Since the early 80's at the MPI Göttingen McCaskill (and since the early 90's BioMIP) has been pursuing a synthetic approach to understanding the physico-chemical basis of biological systems. This field could be entitled organic physics: since it employs techniques from the area of chemical physics to aid the synthetic approach to chemical systems, which extends organic chemistry to the next higher level of integration : i.e. systems chemistry. This field has a clear relation both to organic computing and synthetic biology (terms coined more recently by von der Malsburg and Endy), and is more process oriented than supramolecular chemistry.
At the IMB in Jena in the 90's, we developed synthetic biochemical evolving systems and built artificial spatial environments using microflluidics to control their evolution. We also built reconfigurable hardware to simulate molecular evolution as strings of bits diffusing in massively parallel electronic hardware, which we could reconfigure to represent different systems. We used the same FPGA technology to control novel single molecule detection hardware for monitoring real synthetic biochemical systems, and to test automata theories of evolutionary self-organization.
At the National Research Lab for IT (GMD), around the turn of the millenium, we investigated bootstrapping self-organization (in the spirit of John von Neumann) and began designing "wet" DNA processing systems, benchmarking our progress in programming such systems using the combinatorially hard problem of Maximal Clique. We integrated a light programmable selection module working in a continuous flow microsystem using magnetic beads, and showed how it could be used to design programmable biochemical systems and for directed evolution. We also perfected our reconfigurable hardware platform (MereGen) and developed analytical models of stochastic spatial evolutionary self-organization (PRESS).

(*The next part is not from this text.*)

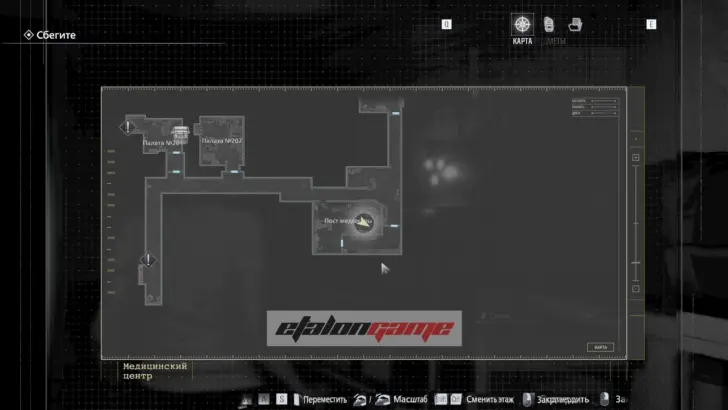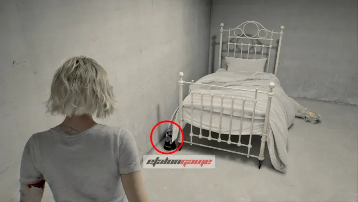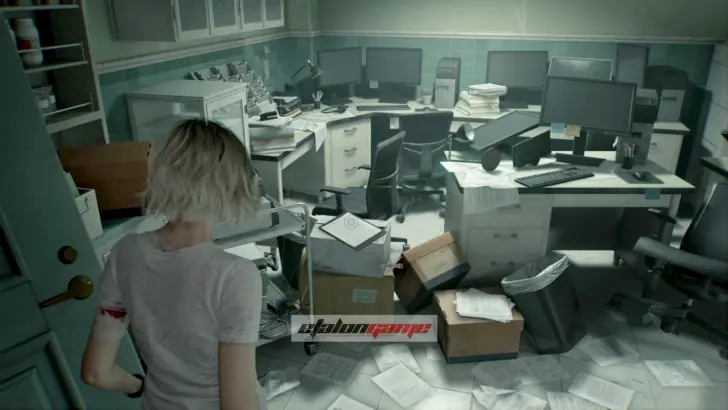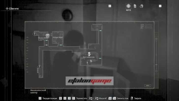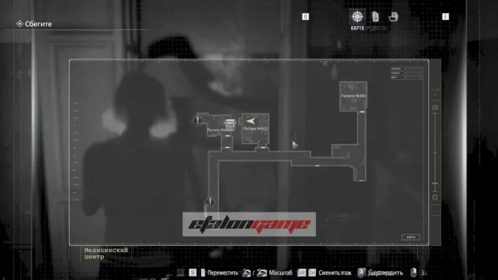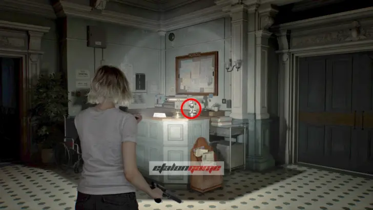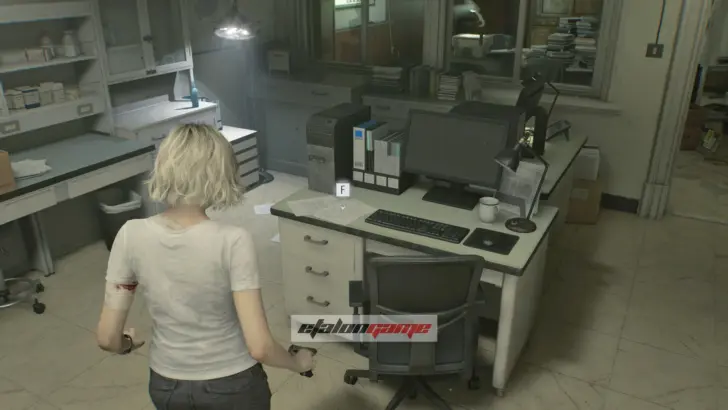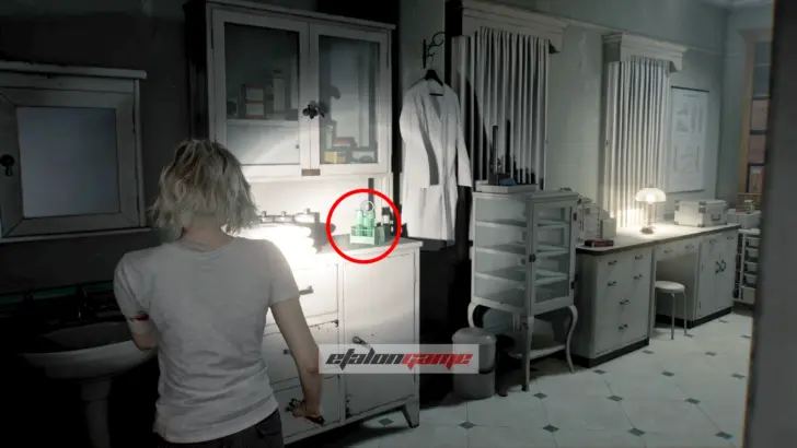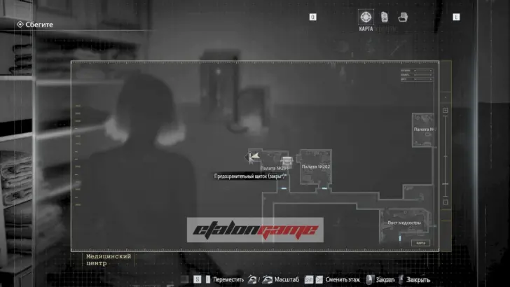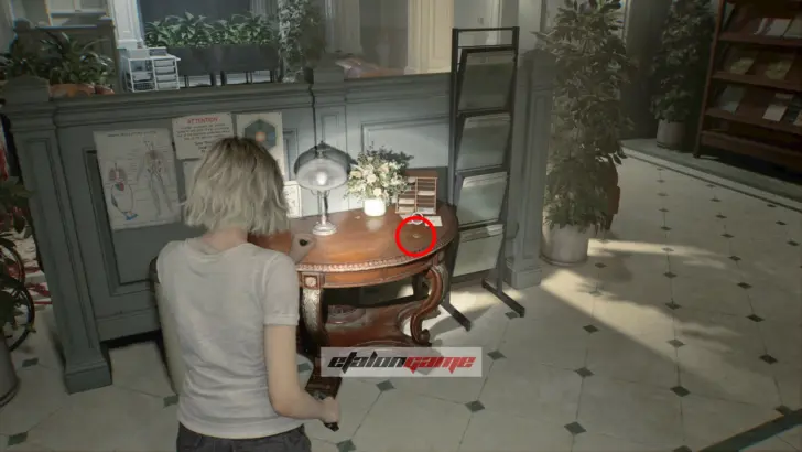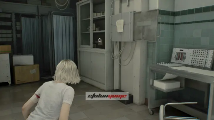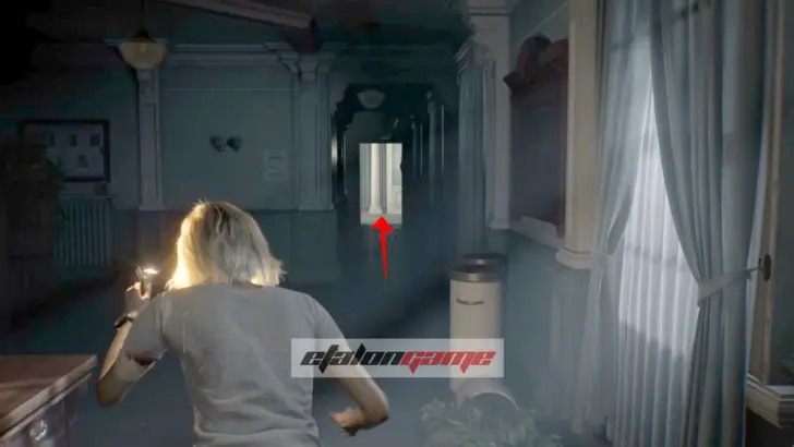 Теперь выходите обратно в коридор и направляйтесь к посту медсестры в юго-восточном углу. Здесь монстр впервые атакует вас в этой зоне, и придётся срочно бежать назад в комнату, где Грейс очнулась под светом. В освещённые помещения чудовище не заходит, поэтому на этом отрезке именно так и нужно от него спасаться.

In 2004, we joined the Ruhr University (after a brief interim hosted by the Fraunhofer Gesellschaft in the multidisciplinary labs we built up at the GMD) to take the next step in integrating self-organization with information processing, by designing microsystems for bridging the gap to the first chemical living systems. We have developed the concepts of individual cell micro-complementation and electronic genomes for artificial cells and have designed an omega machine to program the self-organization of combinatorially complex chemical systems towards living cells (PACE Project). At the same time we have been developing novel simulation techniques to study mesoscale self-assembly and self-organization and have investigated the power of self-assembly for evolutionary problem solution. We applied our mesoscale simulation tools to complex combinatorial protein sorting in the endocytosis of liver cells, which represent another grand challenge to understanding rich spatial chemical self-organization.
From 2008-2014, we focussed our synthetic systems approach on electronic lab-on-a-chip systems to research the construction of
- an electronic chemical cell (ECCell)
- an artificial chemical production matrix based on chemtainers (MATCHIT)
- DNA libraries (CADMAD)
as well as preparing a roadmap for the field (COBRA).
In 2012, the next major step in the development of synthetic systems was taken, to research autonomous electronic-chemical hybrid agents at microscopic scales (MICREAgents). The biggest weakness of lab-on-a-chip (LOC) systems has long been the interfacing required for their operation, and so a radical change in thinking seems fruitful: to explore systems that do not require any chemical or electronic hardware connections. While pourable computing has been identified as a computing goal, and autonomous sensor nets have also been proposed using wireless technology, both ideas have fallen short of microscopic scales (which start at 100µm). MICREAgents combines ideas from local self-assembly with electrochemical and electrokinetic control and sensing, including supercar powering to achieve autonomous operation of smart microparticles as chemical agents.